# Helmets Question and Trail East of Heber City



## tbone (Jul 23, 2009)

I have two questions for the group:

1. Where in the best place around Salt Lake to buy ATV helmets. I am looking for adult and child? 

2. I am probably going to go ride this weekend. I plan to go up Center Street in Heber and follow it till it hits the dirt. I believe this road will take you either to Mill Hollow, Currant Creek or Strawberry depending on which fork in the road you take. Can any one tell me if there are ATV restrictions in this area. I know somewhere near Strawberry there are numerous restrictions.
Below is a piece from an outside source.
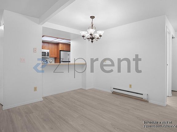 Welcome to your new home at 14450 Northeast 31st Street, Bellevue, WA 98007. This charming apartment offers a blend of comfort and modern style. As you step inside, you are greeted by an open-concept living area with sleek laminate flooring and ample natural light streaming through large windows. The kitchen is a chef's delight, featuring stainless steel appliances, elegant cabinetry, and a convenient breakfast bar, perfect for casual dining or entertaining guests. Adjacent to the kitchen, the dining area is highlighted by a stylish chandelier, creating a warm and inviting atmosphere.

I would like to just have a nice casual ride without causing problems with the law. 

Any help in these two area's is much appreicated.


----------



## bullsnot (Aug 10, 2010)

I know this weekend has passed but the best place to buy ATV helmets is Rocky Mountain ATV. You will have to drive to Payson or have them shipped. It might be worth it just to pay the extra cost and get them locally.

Be sure to get the local ranger district office. They usually have a map that will tell you what trails are legal to use with an ATV.


----------



## BROWN BAGGER (Sep 13, 2007)

If you are still interested in helmets, cabelas is having a sale right now on helmets for 19.99 all sizes. saw the add this weekend 12/10/10


----------